The Bake-Kujira, or ghost-whale, is the skeletal spirit of a dead whale.
It is said that the creature was from Shimane prefecture, in western Japan. It is supposedly humongous, and is always accompanied by a host of strange birds of fish. In one story, a fisherman threw his harpoon at the Bake-Kujira to try to catch it, but the harpoon passed right through it, and the whale and host just floated away into the night. Other legends say that the ghost-whale brings a powerful curse with it. "The curse of the whale", as it's creatively called, is said to bring famine, plague, fires, and other kinds of disasters to the villages it hits.
This is the worst nightmare for the villages because it is the complete opposite of what finding a whale usually brings. For the ancient villages, whales were rare and important. They would sometimes come inland, or beach themselves on the shore. Fishermen hunted these whales in a practice called Passive Whaling, using harpoons to kill the whale that was trapped in the shallows.

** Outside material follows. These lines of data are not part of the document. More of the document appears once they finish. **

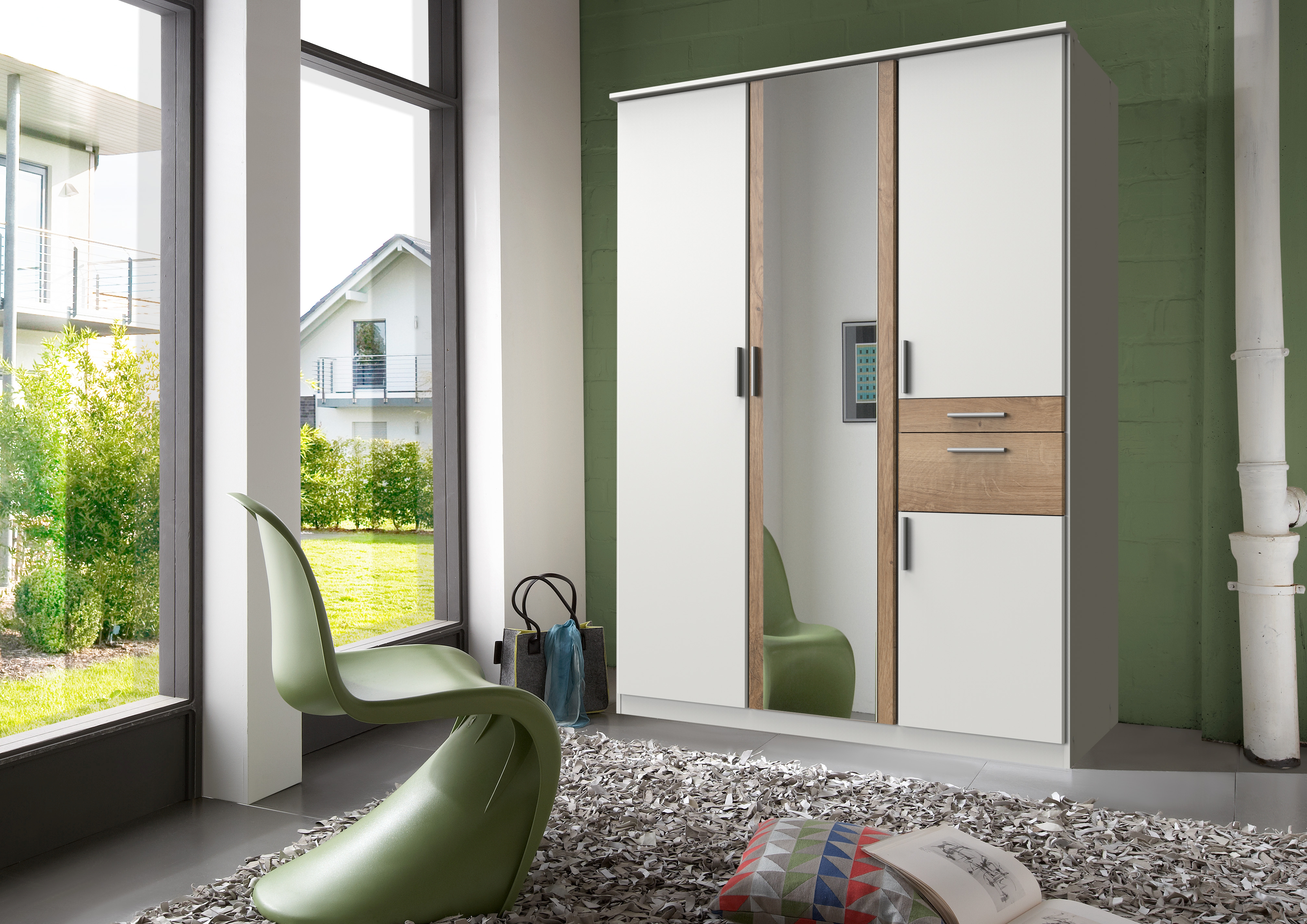 Caisson et façade : ton blanc avec contrastes décor planches de chêne / miroir
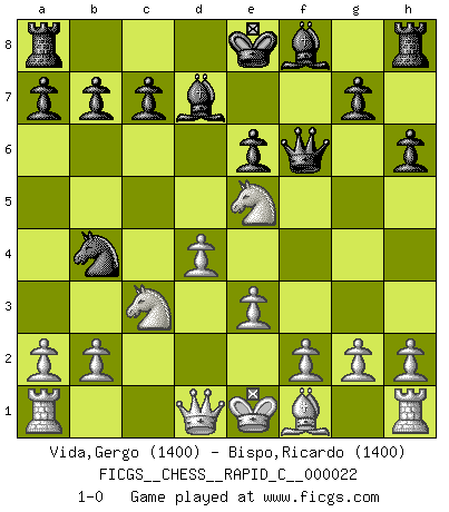 Last move : 1-0 2007 April 2 21:36:53 [Event "FICGS__CHESS__RAPID_C__000022"] [Site "FICGS"] [Date "2007.02.12"] [Round "1"] [White "Vida,Gergo"] [Black "Bispo,Ricardo"] [Result "1-0"] [WhiteElo "1400"] [BlackElo "1400"] 1.d4 Nf6 2.c4 d5 3.Nc3 Nc6 4.Nf3 e6 5.Bg5 h6 6.Bxf6 Qxf6 7.cxd5 Nb4 8.dxe6 fxe6 9.e3 Bd7 10.Ne5 1-0 This chess game has been lost on time (started : 2007.02.12 23:3:27) Queen's pawn game Player White won this chess game. Follow this game move after move (download)You can only get good at Chess if you love the game. (Bobby Fischer) Offener Brief an US-Präsident Bush anlässlich der Verhaftung Bobby Fishers: Verhaften Sie mich. Stecken Sie mich in dieselbe Zelle wie Bobby Fisher und geben Sie uns ein Schachspiel mit. (Boris Vassilievich Spassky) Morphy probablemente fue el genio más grande de todos. (Bobby Fischer) Le succès, c'est être capable d'aller d'échec en échec sans perdre son enthousiasme. (Winston Churchill) Everybody lies. (Gregory House, House M.D.)
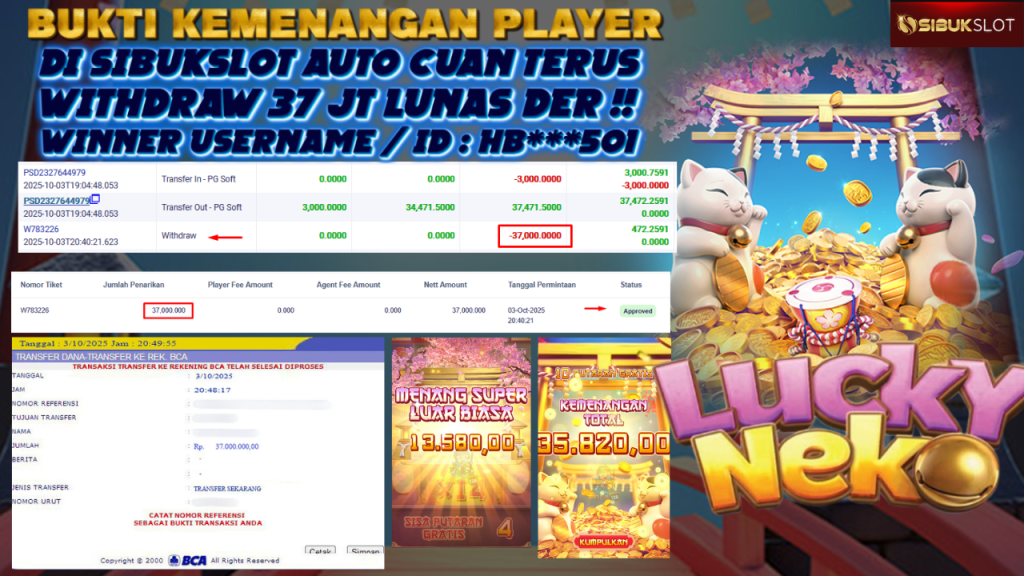 Bukti Kemenangan 3 Oktober 2025 Di Game Lucky Neko 37 Juta

This was a rare and auspicious event - a single whale provided vast amounts of meat and resources for the village, and seemed like a gift from the gods. And the whale itself was only a piece of the bounty. Whales often came in followed by large schools of fish, so their arrival meant an abundance of sea life beyond the leviathan itself. The arrival of a whale could save a village teetering on the edge of starvation and ruin, it was mana from the oceans.
There are three recognized sightings as fact. More may be discovered from ancient script or future encounters.

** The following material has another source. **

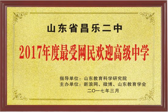 3月31日,由山东省教育科学研究院指导,新浪网、微博、山东教育学会主办,新浪山东承办,山东英才学院协办的“2017年度山东中学教育盛典”在济南隆重举行。我校在本次评选中荣获"2017年度最受网民欢迎高级中学"。在为期7天的全媒体投票中,我校在网络投票环节中始终位居省内前列,受到广大网友的喜爱;在后期专家评议环节中,受到专家们得高度评价和赞誉。最终,我校凭借其雄厚的综合办学实力、优良的百姓口碑荣获该重要奖项!
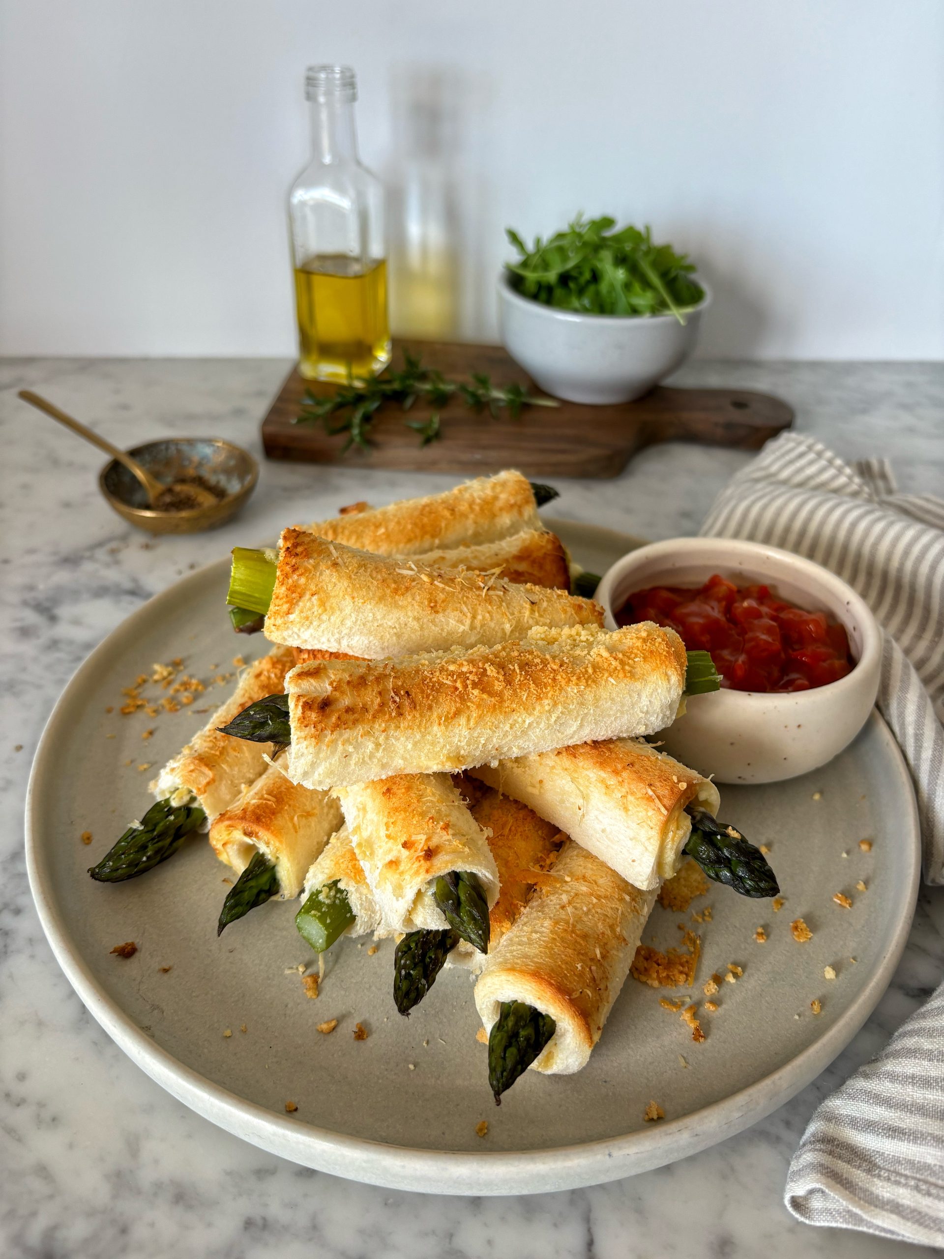 Spread each slice generously with the lemon cream cheese then lay a piece of asparagus across the center and roll up tightly, transfer to a lined baking tray.

This is a legend told by many Japanese fishermen and sailors that describes the Bake-Kujira:
One rainy night long ago, some fishers living on the Shimane peninsula witnessed an enormous white shape off the coast in the Sea of Japan. Squinting their eyes, it appeared to them to be a white whale swimming offshore. Excited for the catch, they rallied the townspeople, who grabbed their spears and harpoons and took to their boats to hunt down and catch their quarry. They soon reached the whale, but no matter how many times they hurled their weapons, not one of them stuck true. When they looked closer, through the dark, rain-spattered water's surface, they realized why: what they thought was a white whale was actually a humongous skeleton swimming in the sea, not a single bit of flesh in its entire body. At that very moment, the sea became alive with a host of strange fish nobody could recognize, and the sky swarmed full of eerie birds which nobody had ever seen before, the ghost-whale then turned sharply out to sea, and swiftly vanished into the current, taking all the strange fish and birds with it, never to be seen again. The terrified villagers returned home, realizing that the skeletal whale must have been a Bake-Kujira - the ghost of a whale turned into a vengeful spirit. While the ghost was never seen again, other villages in Shimane felt the whale's curse, being consumed by conflagrations and plagued by infectious diseases following whale beachings.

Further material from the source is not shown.